Some people will be offended by what you write. Make your peace with this idea as soon as you can.

As with so many other aspects of life, there are people who are just itching to tell you that you did it wrong, that it makes you a bad person and you should feel ashamed.

If they attack you for your ideas, I can’t help you. If they attack you for your choice of words, there are ways to improve your odds.

As writers we are trying to communicate with the outside world. That means we have to use words that draw people in, not push them away. The trick is to figure out which words will have which effect. You aren’t going to be standing at the side of every reader to explain to them why your choice of words is justified. You won’t be able to explain your good intentions. If readers are offended, you’ve lost them.

So let’s start with the easy ones. You probably have enough good sense to avoid racial slurs. By extension, you probably recognize that it’s not good style to disparage ethnicities. There are all kinds of additional “ist” words, including sexist, classist and ageist. Basically, if you use a word that puts an entire group of people in an unflattering light, expect someone to complain.

Then there’s a class of words that some people believe you can use only if you are That Word. I’ve known people with mental health issues who had no trouble calling themselves crazy, but didn’t like other people using the word.

On top of that, words with a high approval rating in one era can become offensive over time. For evidence of that, you don’t have to look any further than the National Association for the Advancement of Colored People. If it had been founded in later years, it might have been the National Association for the Advancement of Black People or the National Association for the Advancement of African Americans. If it were being founded today, the organization might have a broader mission and be called the National Association for the Advancement of People of Color. Which, to me, seems head-scratchingly close to the original.

As you dig deeper, you may hit a layer of words that you think are perfectly fine, but which offend other people. You may sit there wondering why. Wouldn’t it be nice to have some sort of guide? Fortunately, one just popped up. Hanna Thomas and Anna Hirsch have gathered some thoughts on the subject in A Progressive’s Style Guide. It gives examples of words to use or avoid, along with explanations of why.

That doesn’t mean you have to agree with Thomas and Hirsch. I sometimes don’t. As a person with gray hair and saggy parts, I agree with them that “geezer” is a term to avoid. They think “senior” is just fine, while I  don’t care for it. And for some reason, they say “elderly person” is OK but “the elderly” isn’t.
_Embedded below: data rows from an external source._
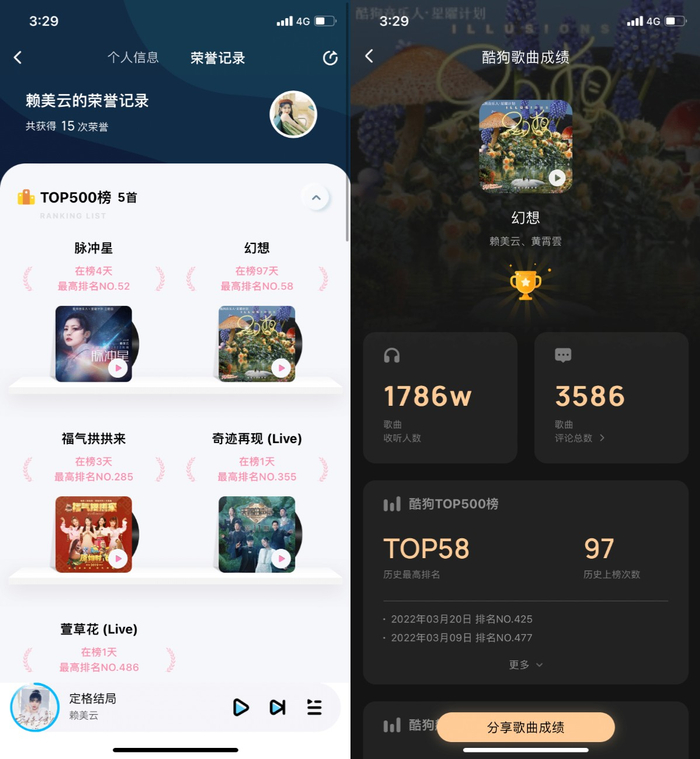 作为一名歌手,赖美云从未停止对音乐风格的探索。据资料显示,其在酷狗音乐平台上获得了较高的人气,其中歌曲《幻想》收听人数1786万,97次登上酷狗TOP500榜,受到了众多网友的喜爱。这些成绩背后除了小七个人的努力,也离不开其经纪公司齐鼓文化的助力。齐鼓文化,是酷狗音乐旗下的厂牌,有着酷狗音乐与酷狗直播作为平台依托。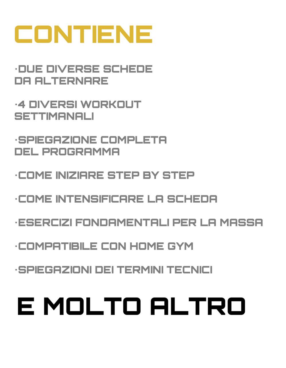 Al suo interno contiene ben due diverse schede settimanali da alternare nel tempo, più la loro versione AVANZATA con più intensità.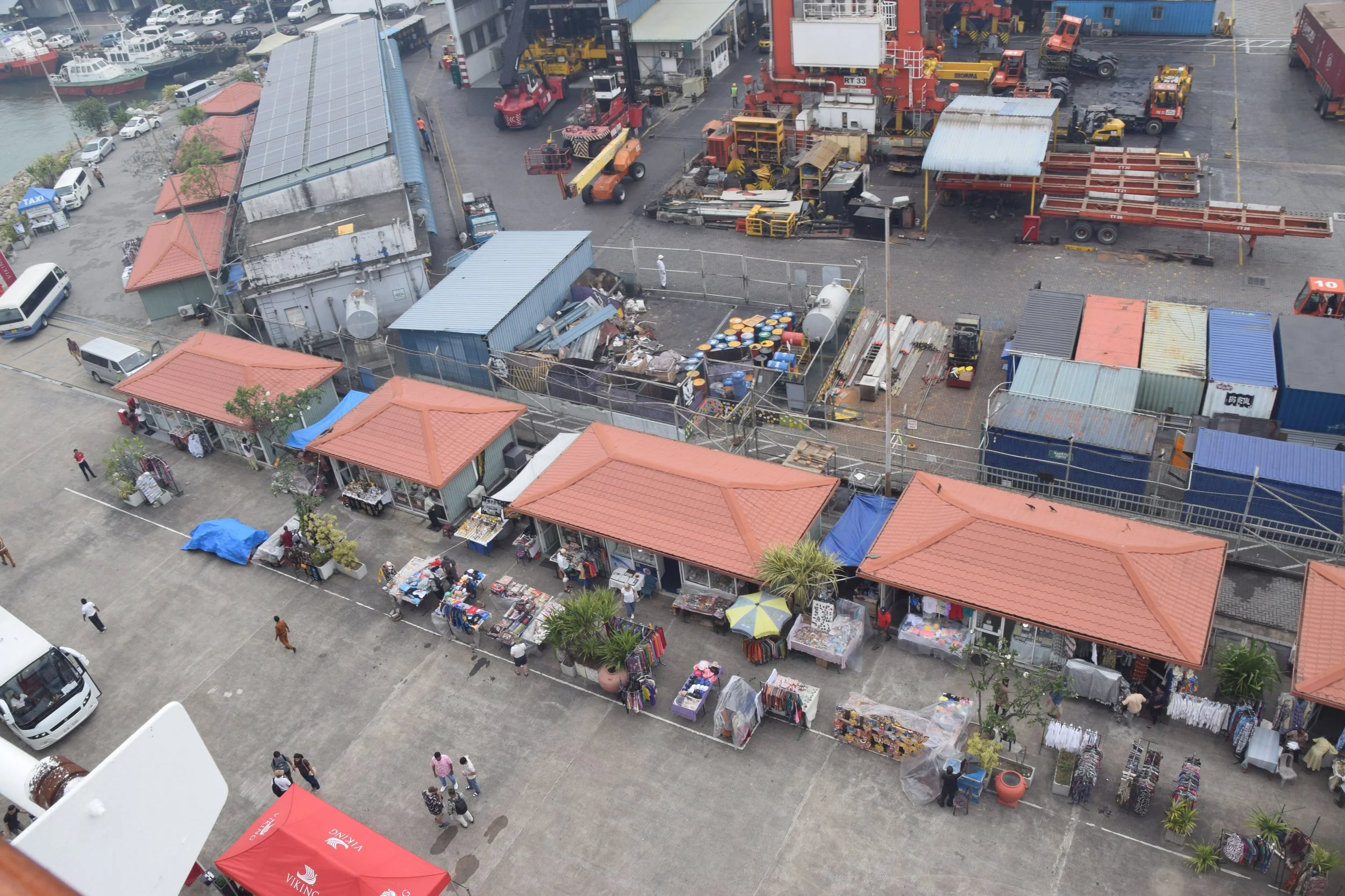 You might’ve noticed that in the pic of the souvenir stands, there’s a lot of extra stuff going on behind the stands. That’s because in Colombo, the cruise terminal is right in the middle of the shipping port. Not adjacent to, or across the bay from, but right in the middle of everything.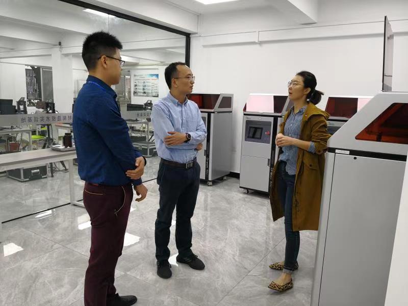 福建幼兒師范高等??茖W(xué)校陳峰校長參觀返校后,立即選派該?,F(xiàn)教中心陳寧華主任、人文系姜平主任帶領(lǐng)相關(guān)專業(yè)教師一行7人于11月23日前來我校參觀學(xué)習(xí),機(jī)械與智能制造學(xué)院王水發(fā)副院長陪同,程艷和鐘燕華老師全程講解。主要介紹了增材制造實(shí)訓(xùn)基地建設(shè)應(yīng)用情況,就如何激發(fā)學(xué)生對(duì)3D打印的興趣,學(xué)生創(chuàng)新意識(shí)的培養(yǎng),創(chuàng)造性思維的啟發(fā)進(jìn)行了深入探討,為福建幼兒師范高等專科學(xué)校擬建相關(guān)實(shí)驗(yàn)室提供了建設(shè)性意見。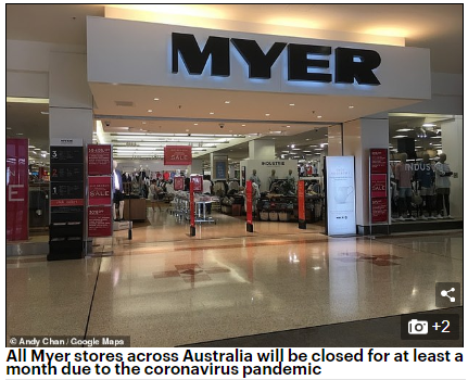特别是Myer,在政府推出JobKeeper补贴之前,大约有10,000名员工无薪停工。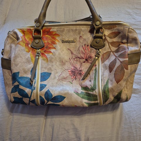 Desigualin kaunis, isokokoinen laukku monivärisellä kuviollisella pinnalla. Laukussa on näyttävä printtikuvio, jossa on muun muassa huulia, kukkia ja graafisia elementtejä. Pitkät kantohihnat mahdollistavat kantamisen olalla tai kädessä. Laukku suljetaan vetoketjulla, ja yläreunassa on läppä nepparikiinnityksellä. Materiaalina on polyesteri. Sopii arkilaukuksi tai mukaan kaupungille, ostoksille tai rannalle, kun tarvitaan tilavuutta ja erottuvaa ulkonäköä.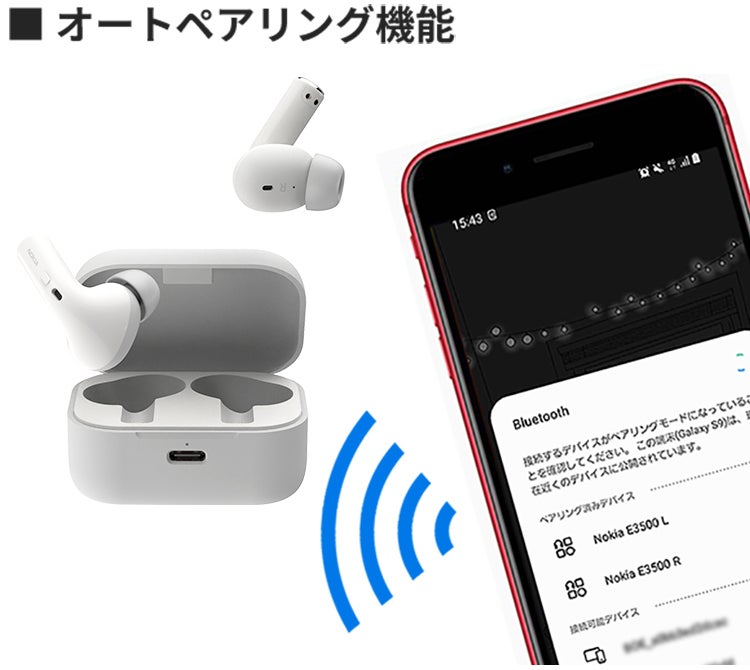 「NOKIA E3500」なら、そんな心配もご無用です!初回ご使用時に、スマホとイヤホンのペアリング作業を行っておけば、次回からはケースからイヤホンを取り出すだけで、自動でペアリングが行われます。その間、わずか2秒!すぐに音楽が聴ける状態になります。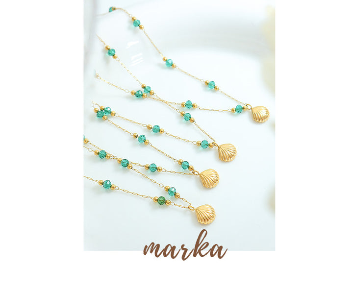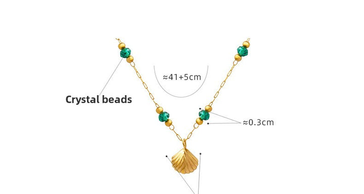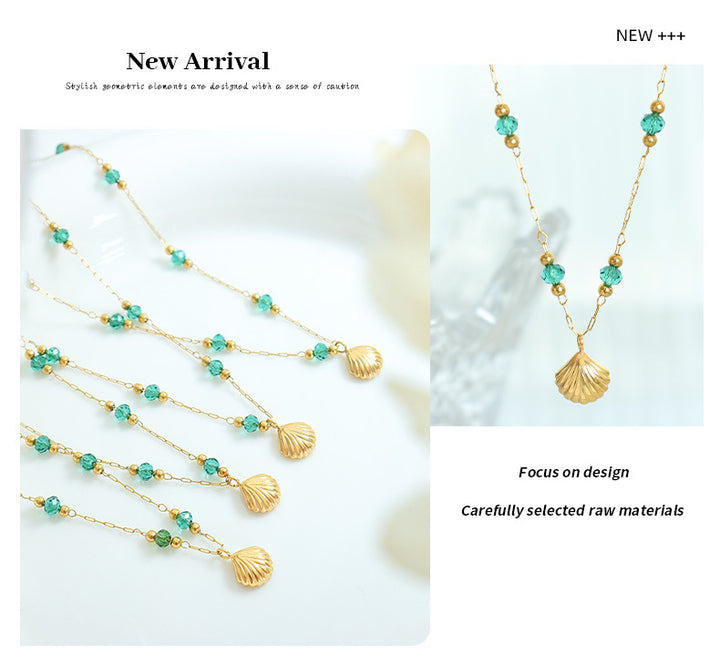 Exquisite Crystal Pearl Shell Pendant Necklace Stainless Steel 18K Gold Plated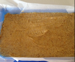 5. Pour and spread into a lined container (approx 20cmx30cm). Press down firmly with flat part of MC.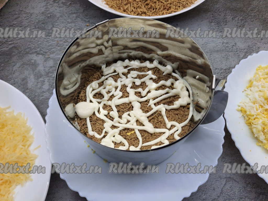 Сверху выложить половину натёртой печени, слегка утрамбовать с помощью ложки, нанести немного смеси майонеза и чеснока.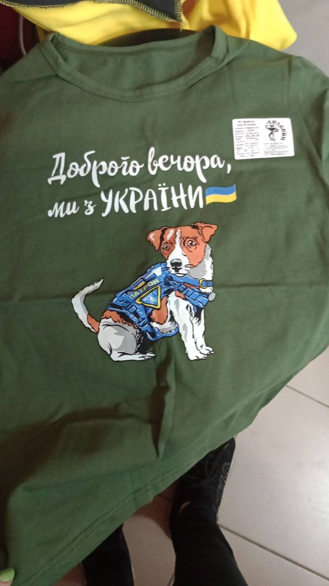 Купили дві футболки, пес патрон та з трезубом. Дуже добра якість. тканина приємна на дотик, шви рівні.Плюси: Плюс на весь розмір футболки.Мінуси: Немає -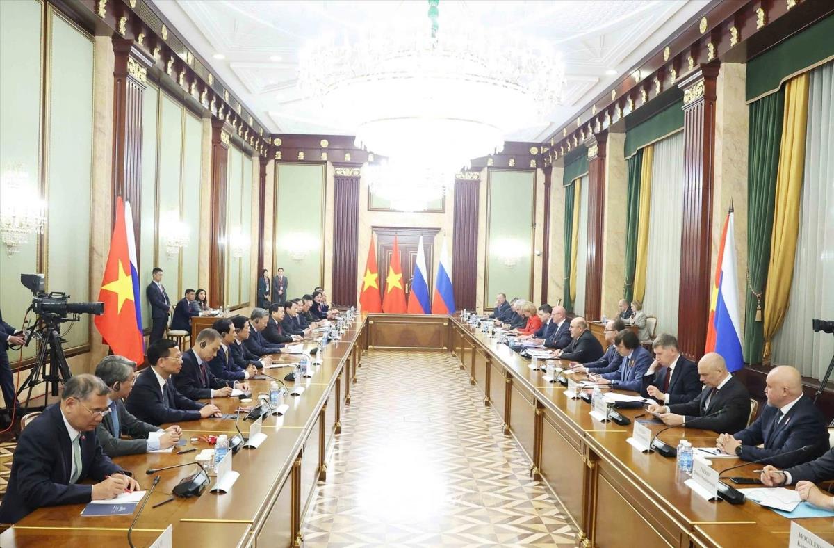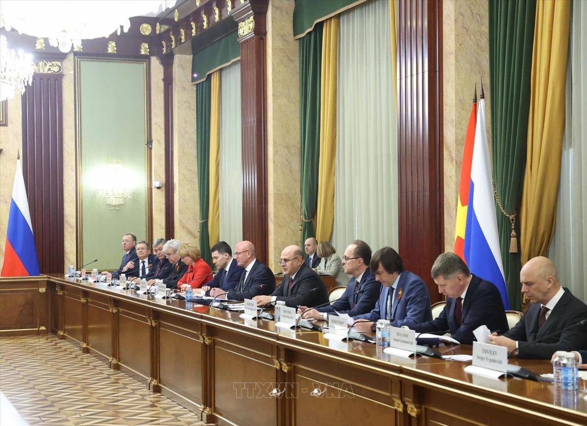 Thủ tướng Mikhail Mishustin và đoàn Chính phủ Liên bang Nga tại cuộc hội kiến Tổng Bí thư Tô Lâm (8/5/2025). Ảnh: Thống Nhất – TTXVN

I guess I don’t like any of the words that draw attention to advancing age. Maybe I’m just getting cranky in my dotage.

Even so, the guide is worth browsing. We get so used to using some words and phrases that we never stop to think how they might look on the receiving end. This guide is like having someone to stand next to you and discretely cough when you start to utter things better left unsaid.

If you take a look and decide the whole thing is ridiculous, at least you will be staking out your own boundaries on whom you are willing to offend and why, instead of writing from a position of ignorance.